Cédric Ribeiro vive in due universi paralleli: in uno, gli amici, il lavoro di contabile, il dopolavoro e le serate in compagnia, nell’altro, le galline, le oche e le anatre.



Il 25enne ginevrino è un cittadino doc, ma si è appassionato da bambino agli animali di bassa corte, durante le vacanze a casa del nonno in Portogallo. Sei anni fa, durante una passeggiata, è capitato per caso in una fattoria a Carouge, vicino a Ginevra, e si è fatto spiegare i segreti del mestiere. Dato che il suo compleanno cadeva poco dopo, i membri dell’associazione Basse-cour carougeoise gli hanno regalato un manuale di buone pratiche per l’allevamento di galline.
Cédric Ribeiro rappresenta perfettamente il paradosso della sua generazione: i 20-44enni rappresentano il 41% della popolazione urbana. La metà di loro è single, secondo le statistiche condotte sulle città svizzere. Persone giunte negli agglomerati urbani in cerca di lavoro e che non si immaginano di poterli abbandonare.«Vi vedo due spiegazioni», indica Vincent Kaufmann, professore di sociologia urbana al Politecnico federale di Losanna. «Da un lato, il miglioramento degli spazi urbani e della loro offerta invoglia ad abitare in città. D’altra parte, quando si decide di trasferirsi, attorno ai 30 anni, si è spesso in due e la scelta è perciò frutto di un compromesso».

«

Tre piante e un alveare bastano per dare l’illusione dei campi»

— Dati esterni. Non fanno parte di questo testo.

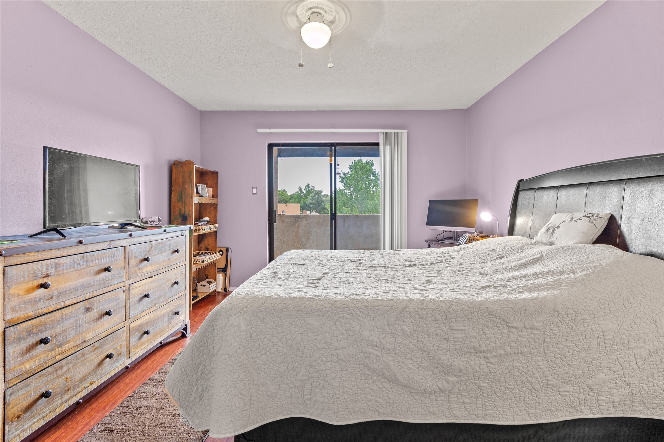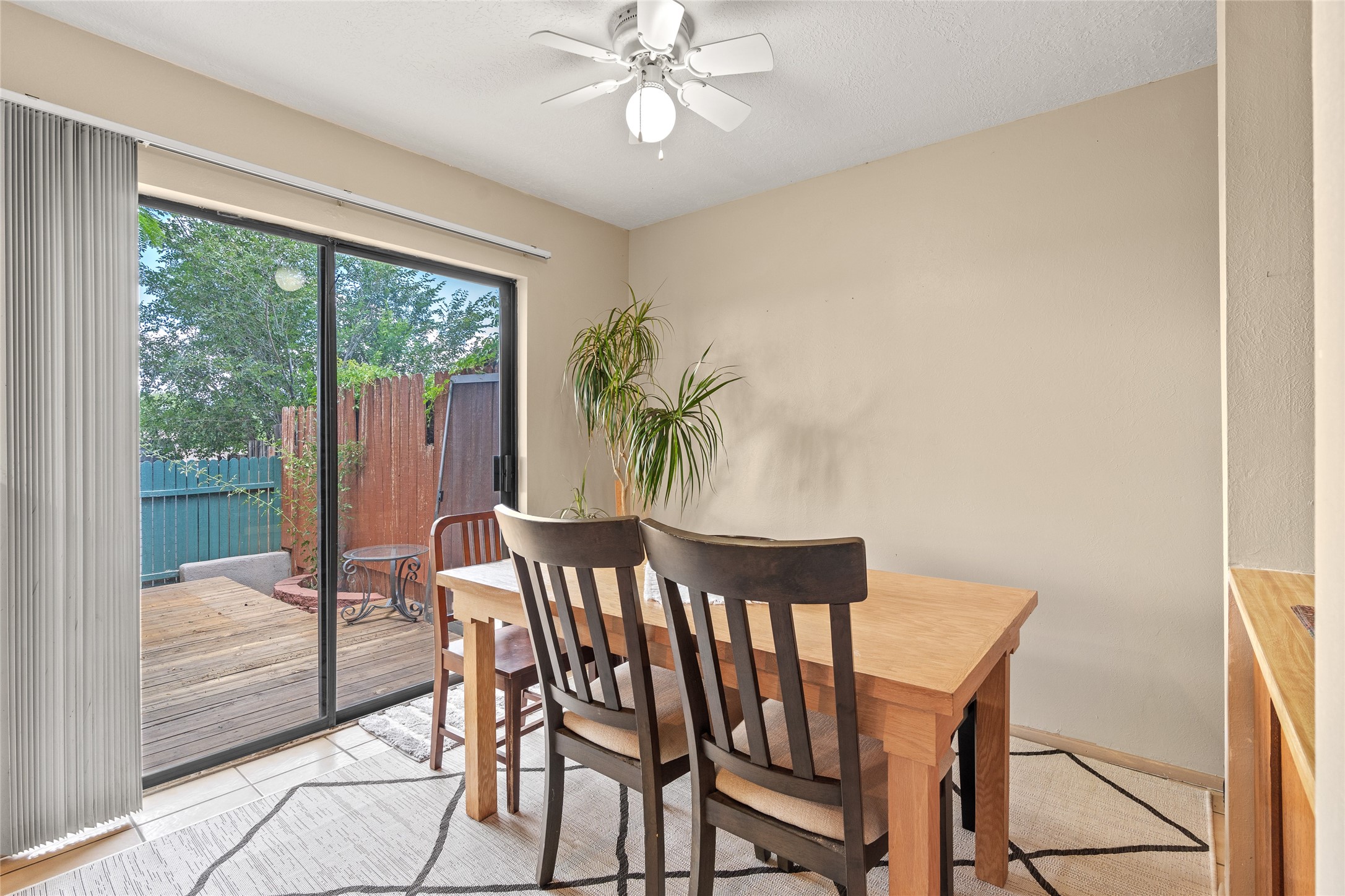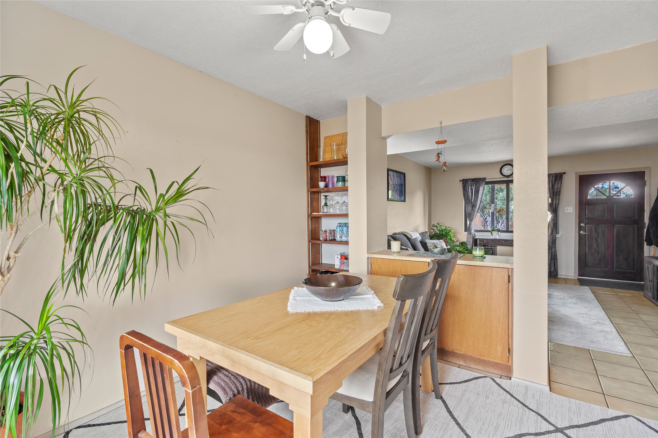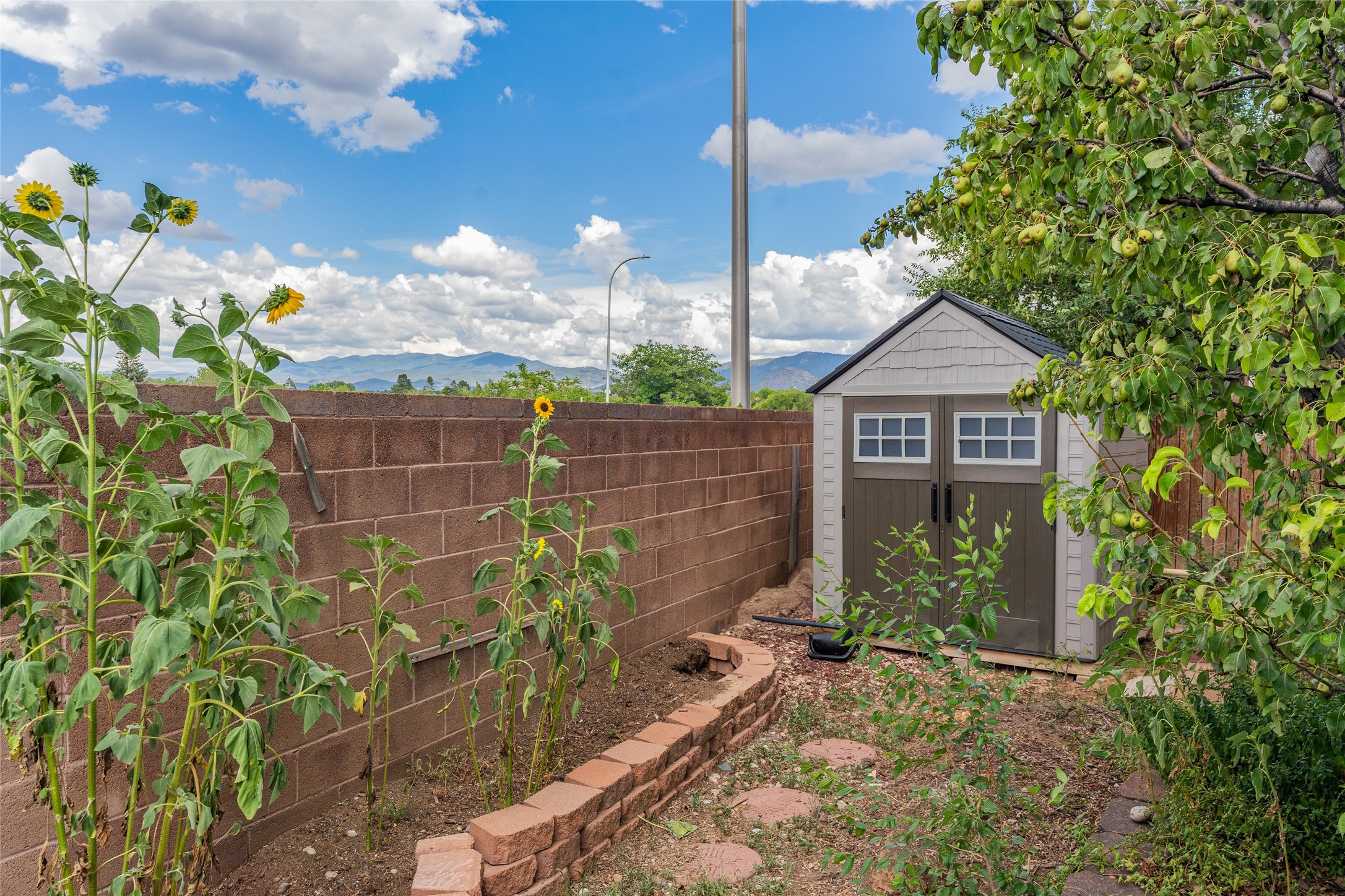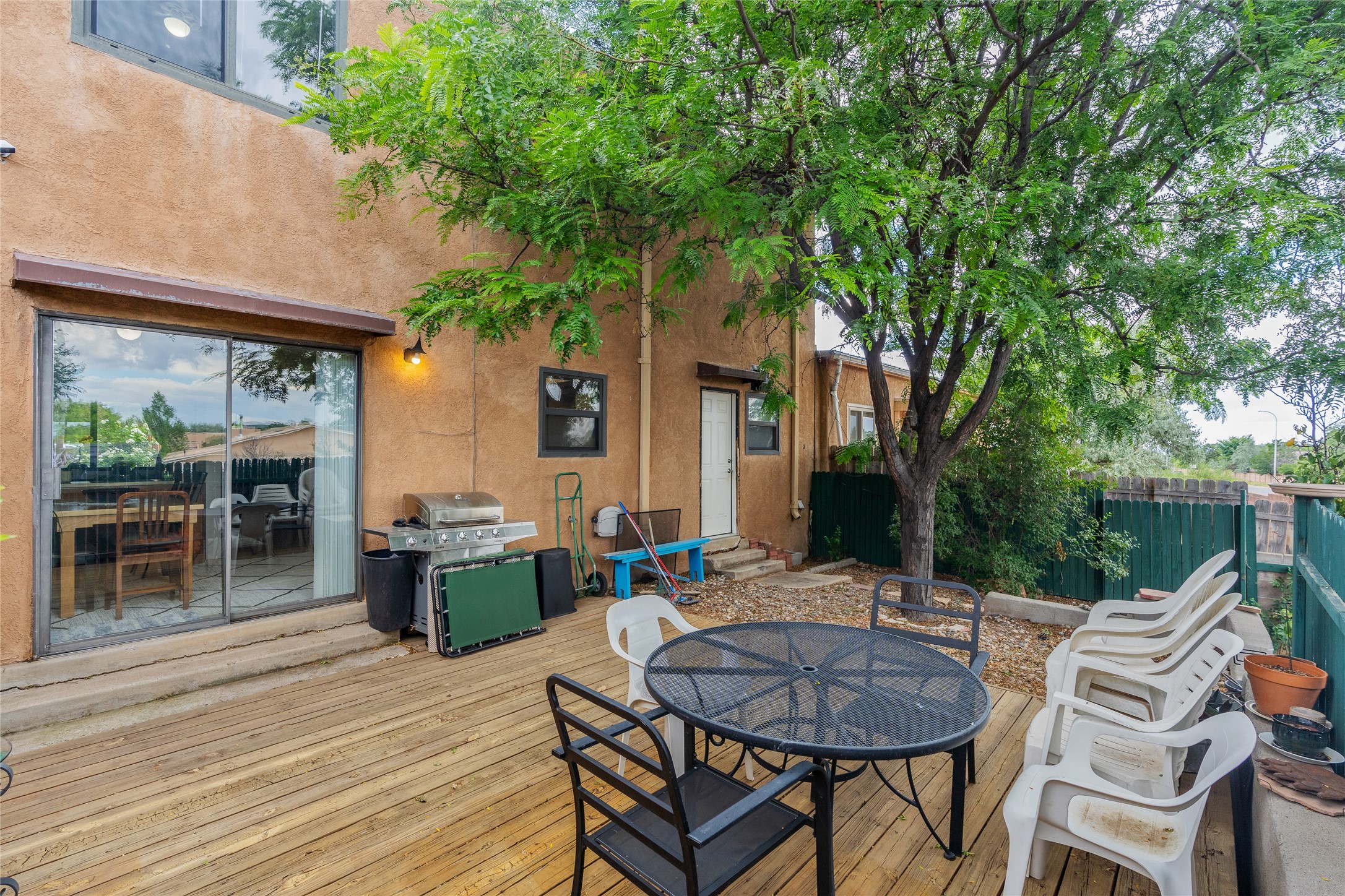 This fabulous 4 bedroom 3 bath townhome off of Rodeo Road makes a great starter home or even a wonderful lock-and-leave second home, with a tranquil gated front courtyard featuring grass, flowers and a water feature. A beautiful backyard showcases mountain views and a deck for entertaining. There is also an eat-in kitchen, a dedicated laundry room, and three bedrooms and two baths upstairs. The convenient location is everything! A 5 min drive to the Plaza, or a short bike ride up to the Zia Railrunner station will have you adventuring into downtown, or even down to Albuquerque in no time! Quick access to nearby parks, shopping, and the Chavez Center is also a huge time saver. As an additional bonus, this property comes with a mother-in-law unit that could be used as a large downstairs primary suite, or could potentially be rented out for extra income. The possibilities are endless. Claim this versatile property before someone else does!

Vincent Kaufmann, sociologo


Giovani legati all’ecologia
La generazione dei 20-44enni è cresciuta nel pieno del dibattito sull’ecologia. È particolarmente legata allo sviluppo sostenibile, anche se non ha avuto contatto con la terra quanto la generazione precedente. Il contenuto dei loro piatti è bio, l’arredamento più rustico, le vacanze le trascorre in agriturismo. «Sono nato in città ma ho bisogno di questa pace alla sera», confessa Cédric Ribeiro, che possiede circa 150 animali, tra polli, anatre e oche. I suoi amici, increduli per la sua passione,  si nutrono delle sue uova per tutto l’anno e non esitano a dargli una mano.«Dedico il mio tempo libero a girare per esposizioni in tutta Europa e incontrare altri allevatori per scambiare patrimoni genetici. I miei polli di razza Orpington hanno già vinto molti concorsi». Bisogna dire che li vizia davvero per preservare questa specie minacciata: nel periodo della riproduzione, ricevono, oltre a chicchi di frumento e mais, carote da lui grattugiate con premura e insalata del supermercato. La sua passione gli costa circa 15mila franchi all’anno. Ha percorso 1400 chilometri per andare a prendere la sua prima protetta a Bergerac, in Francia.

Il sogno del verde
Se la passione di Cédric Ribeiro gli riempie le giornate, per altri l’esigenza di circondarsi di verde spesso si risolve con una fila di vasi di fiori sul balcone. «Tre piante e un alveare bastano per mantenere l’illusione dei campi», afferma il sociologo Vincent Kaufmann. Molti si spingono più in là (vedi i nostri ritratti) e condividono le proprie invenzioni in rete.
Qualsiasi iniziativa è positiva. «I balconi verdi, oltre ad attirare gli sguardi, fanno abbassare la temperatura di una città e permettono di contrastare la canicola», fa notare Natacha Litzistorf, direttrice dell’associazione Equiterre, che fornisce consulenza alle collettività pubbliche.
Un balcone fiorito è sufficiente per nutrire un sogno di verde? Sembrerebbe di sì. Il laboratorio di sociologia urbana del Politecnico federale di Losanna ha appena pubblicato uno studio su Ginevra e Zurigo in cui emerge che i cittadini sono contenti di abitare in città e non vanno in cerca di verde fuori dal centro. Lo stesso studio ha fornito, invece, il risultato opposto per Parigi e Roma. Va detto che in Svizzera, il 74% della popolazione è urbana e le zone verdi rappresentano il 7,5% delle città. «Le nostre città sono più piccole e meno densamente popolate. Vi si trova una grande diversità su piccola scala», sottolinea Vincent Kaufmann.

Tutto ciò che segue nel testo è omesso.